In this study, 10% attrition equals 97.67+9.767= 107 with an approximate value of 110.

Two controls were recruited for every stroke patient, making the total sample size for the study 165. Hence, a total sample size of 165 participants was recruited for the study.

Assessments

Fall history and physical characteristics including weight, height, body mass index, and waist and hip circumference were assessed. The FoF was assessed using the fall efficacy scaleinternational, a 16-item self-report questionnaire that provides information on the level of concern about falls for a range of daily activities (28,29). It was administered by hand using a paperbased format and was retrieved immediately after completion. The participant responses to items were collated and tallied. Scores between 16 and 27 indicated low concern and those over 27 showed high concern. The instrument has also been reported to have excellent validity and good internal consistency with Cronbach’s alpha of 0.79 (28,29).

The timed up and go (TUG) test was used to examine the participants’ DB. During the procedure, the participants were asked to rest for 5 minutes while seated on a standard chair. The test was demonstrated to the participants by the researcher and they were asked to perform the test as demonstrated by getting up from sitting and walking as fast as they could along a 3 m pathway before returning to sit down. The time taken by the participants to finish the procedure was noted and recorded in seconds (30). A normal healthy adult completed the task in 10 seconds or less, indicating independence in balance and mobility. A score of more than or equal to 14 seconds indicated a high fall risk (30).
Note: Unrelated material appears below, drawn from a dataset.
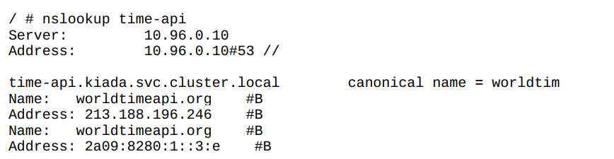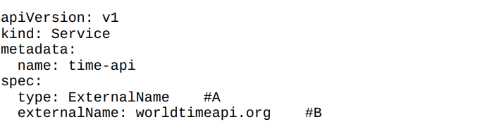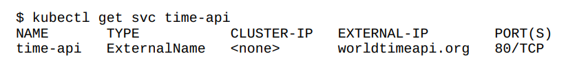 服务创建后,Pod 可以使用域名 time-api.<namespace>.svc.cluster.local(如果它们与服务在同一个命名空间中,则可以使用 time-api)连接到外部服务,而不必使用外部服务的实际 FQDN,如下例所示:

The gait parameters assessed among participants included gait speed, cadence, and stride and step length. These parameters were measured using an accelerometer (BTS G-walk) (BTSG-walk, BTS SpA, Via della Croce Rossa, 11 Padova, Italy; SN: 0213-0378). The G-walk has a G-sensor with a bluetooth device that transfers the result of self-selected walks to a computer (HP model). An 8 m pathway was marked out for the walk by the participants. The sensor component of G-walk was then positioned at the 5^th lumbar spine and wrapped around each participant at the waist level with a strap belt by the research assistant. Participants were then instructed to walk down the marked pathway at their preferred speed with the attached sensor. The laptop computer, which had the BTS G-Studio software program installed, ran the software and this was monitored by the researcher. The gait analysis started from the moment the participant began walking until they reached the end of the route. The gait parameters were generated by the G-walk device as the participant walked and sent the data to the laptop computer (31). The stride length, step length, cadence, and gait speed were recorded from the results of the gait analysis completed on the laptop. The BTS G-Walk accelerometer has excellent reliability (0.85–0.99) and validity (0.88–0.97) in gait assessments (32).

Procedure

Ethical approval was obtained from the Ethics and Research Committee of the OAUTHC, Ile-Ife, for this study (ERC/2020/02/03). Permission to recruit patients was sought and obtained from the physiotherapy departments of the selected hospitals. The purpose of the study was explained to the respective participants and written informed consent was obtained from them for inclusion in the research. A proforma was administered to them to obtain socio-demographic and clinical information and, following on, the fall efficacy scale was administered to them. Additionally, the AHCs were screened using the physical activity readiness questionnaire (PAR Q+) health checklist before administering the fall efficacy scale to them. The PAR Q+ was used to appraise the physical fitness of AHCs before participation in the study. The physical characteristics, fall history (frequency of fall over the past 12 months), and GCs of the participants were recorded.

Statistical Analysis

The data was summarized using descriptive statistics of frequency, percentages, and mean and standard deviation. Inferential statistics of Pearson’s product-moment correlation were used to test the relationship between FoF, GCs, and DB among SSs and AHCs. An independent t-test was used to compare FoF, GCs, and DB between SSs and AHCs. The alpha level was set at P < 0.05. The International Business Machine Statistical Package for Social Sciences (IBM SPSS) version 20 (IBM Corp. Armonk, NY, USA) was used for statistical analysis.

Results

Table 1 shows the general characteristics of the SS and AHC participant groups. The mean age of the SSs and AHCswas 60.3 ± 9.5 and 60.8 ± 10.3 years, respectively. The majority of the SSs had right stroke laterality (52.7%). Table 2 shows that 23.6% of the SSs had experienced a fall 12 months preceding this study, with falls occurring once among 10.9%. Additionally, many of the falls happened indoors (12.7%) among SSs. For the control group, 17.3% had had a fall 12 months preceding this study, with falls occurring once in 13.6%. Many of the falls for the AHCs occurred outdoors (12.7%). Only a few of the SSs and AHCs sustained an injury during the fall (5.5% and 8.2%, respectively).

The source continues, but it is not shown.